Managed Care

Managed care is the major health services program subsequent to the arrival of Medicare to reduce the cost of health care services for patients. Managed care plans are health insurance plans frequently involves unreasonable limits on visits with health care providers and medical facilities. The plan's network is divided into the restrictive plans and flexible plans to decide coverage area and the amount. As per the client’s plan, the cost is more or less (U.S. National Library of Medicine, 2009).

The managed care plans are mainly divided into three types: Health Maintenance Organizations (HMO), Preferred Provider Organizations (PPO), and Point of Service (POS). HMOs shells out only for within the network, PPOs also makes part payment for outside network and POSs offers flexibility to choose between the two care plans (U.S. National Library of Medicine, 2009). The various programs included under managed care are: motivate physicians and patients to recheck the need for specific costly services, select and fix health care providers, restrain inpatient admissions and lengthy stay, control high-cost health care cases etc. (National Library of Medicine, 2009).
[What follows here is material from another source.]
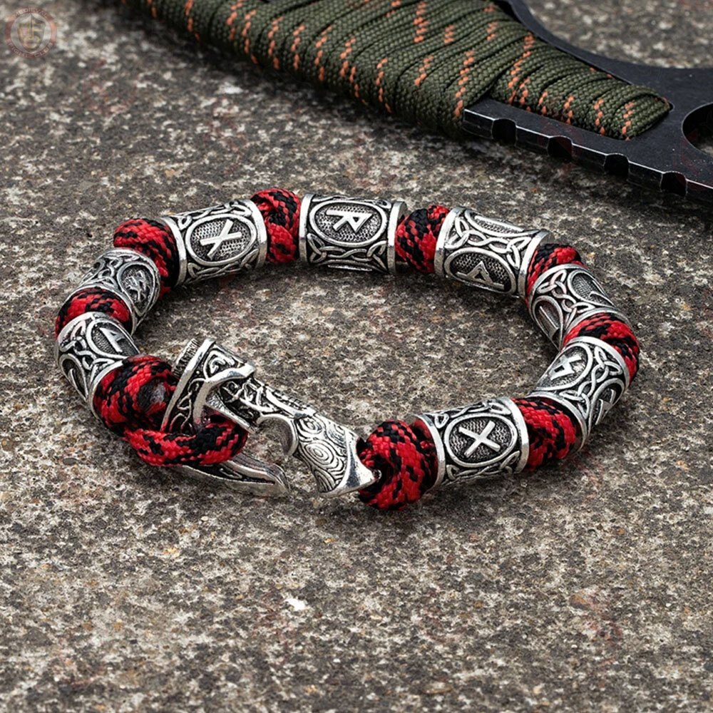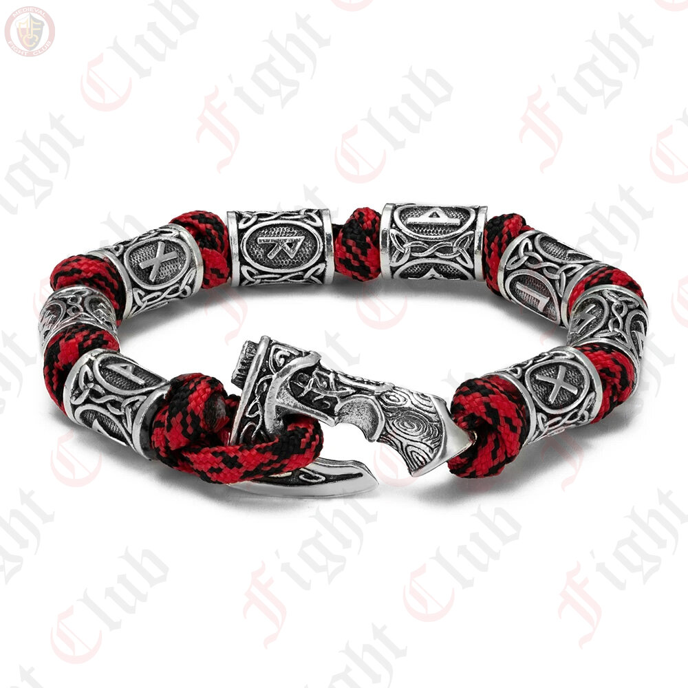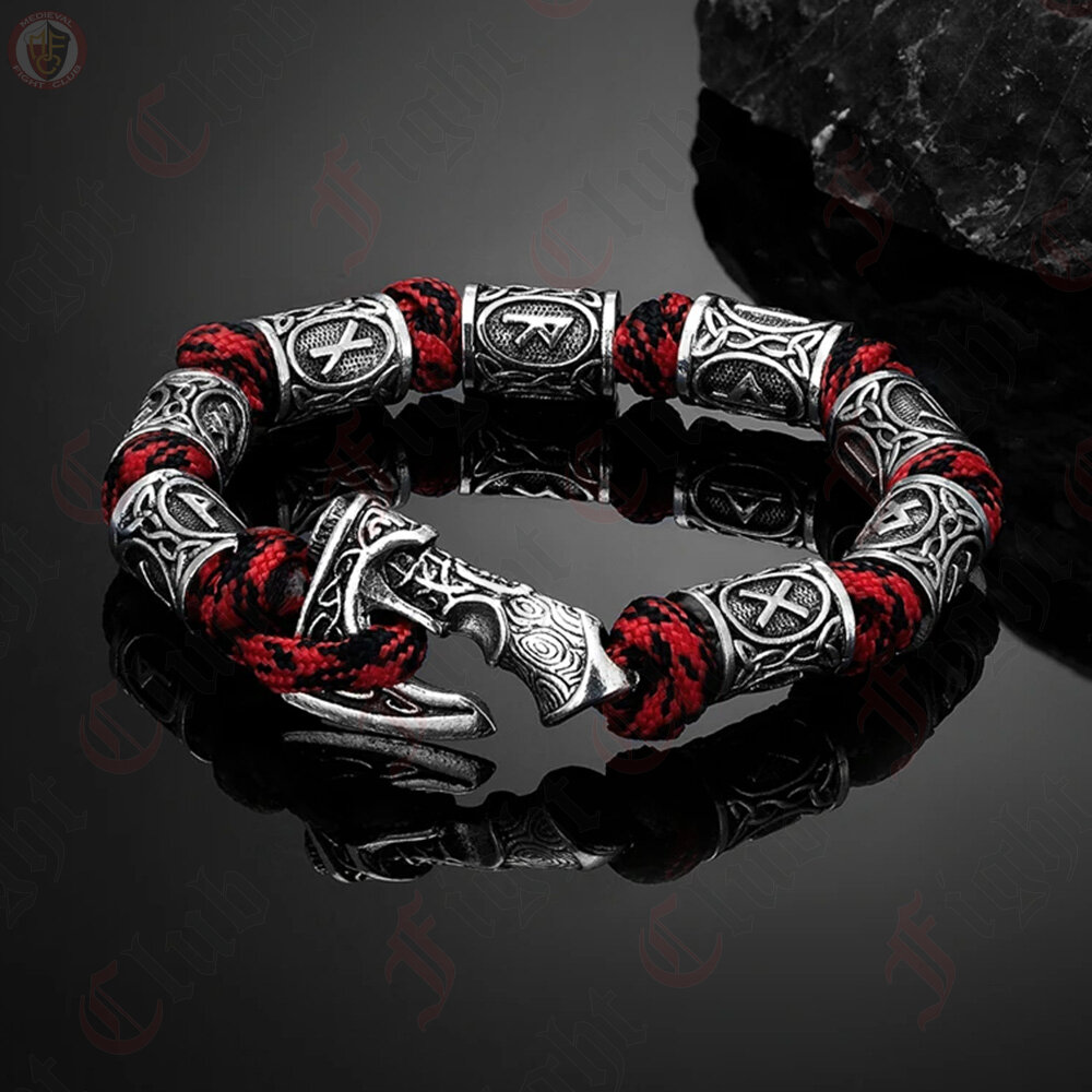 This ornately detailed bracelet comes on a knotted paracord strap and is secured with a small loop and toggle featuring a distinctive bearded axe closure.

In 1798, East Coast shipping companies started health care program for their maritime employees tuned with managed care model. Then, Oklahoma and California developed early programs which gave rise to recent managed care organizations (MCOs) (Liberman & Rotarius, 1999). In 1973, Congress passed the Health Maintenance Organization Act, which motivated proliferation of HMOs, the first form of managed care. Gatekeeping system was eliminated by a Harvard Community Health Plan in 1998.  This led to direct entry to specialists on visits to primary care physicians. It has been reported that major changes were not observed for availing specialty services by adults in the first 18 months of omission of gatekeeping system. This decision was supposed to be in patient’s and physician’s favor, and against many health plans for controlling the costs and coordinating care. The use of specialty services by commercially insured adult members of a group-model health maintenance organization were not affected by getting rid of gate keeping system (Ferris et al., 2001).
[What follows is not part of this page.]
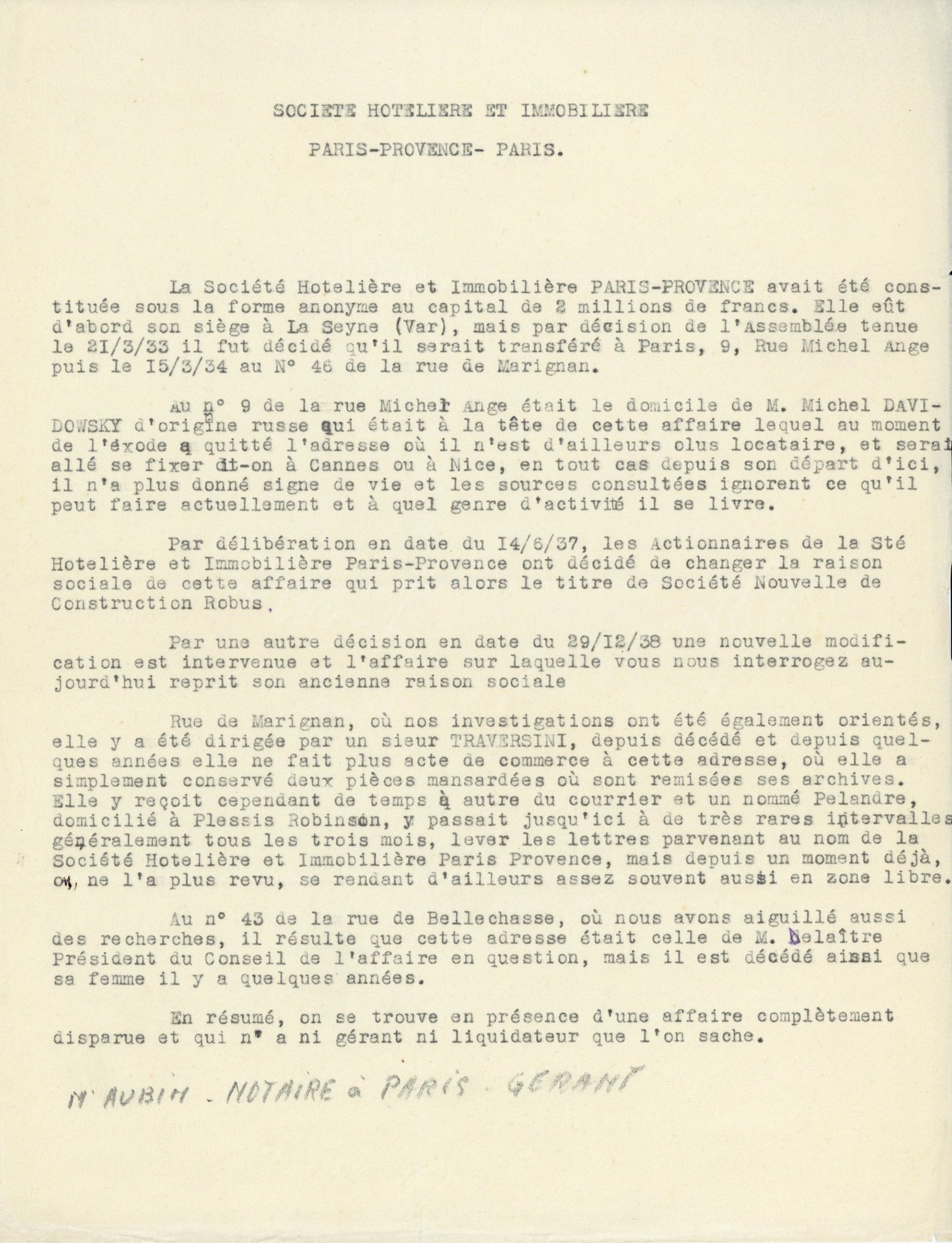 La note de renseignements montre les démarches entreprises pour retrouver les propriétaires, allant de domicile en domicile, mais trouvant chaque fois porte close. Surtout elle montre en filigrane plusieurs choses. D'abord, la désorganisation causée par le fait de guerre. L'occupation allemande complique grandement les démarches et les contacts. Elle pousse également à l'exil certaines populations ou ressortissants, comme ce Michel Davidowsky, d'origine Russe, qui serait parti dans le Sud de la France sans plus donner de nouvelles. Enfin, elle montre l'état catatonique d'une partie de l'économie, avec des gérants qui disparaissent ou qui meurent sans que les affaires ne soient reprises.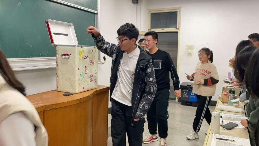 学院心理工作站成员利用晚自习和课间时间,组织同学们匿名将自己的心理问题写在明信片上,问题可以是学习上的,也可以的感情、生活、人际交往上的,然后放入“心理盲盒”内。

Managed care is a driving force in the evolution of the U.S. health care system, but it no longer is viewed by most employers and federal and state governments as the primary means by which health care costs can be brought under control due to vested interest of individuals in America’s health care delivery system (Boyle & Callahan, 1995). Managed care system is connected with several legislative acts because of which it drew into controversy to give best service in the interests of patients. The clinicians, hospitals and their management, insurance companies and other purchasers of care, pharmaceutical concerns, lawyers, and patients are the stakeholders of the managed care system (Liberman & Rotarius, 1999). All the stakeholders are corrupted at one point or other leading to improper use of the health care systems. These irresponsible stakeholders charged taxpayers more than $15 billion dollars with $100 and $250 billion total health industry fraud (Liberman & Rotarius, 1999).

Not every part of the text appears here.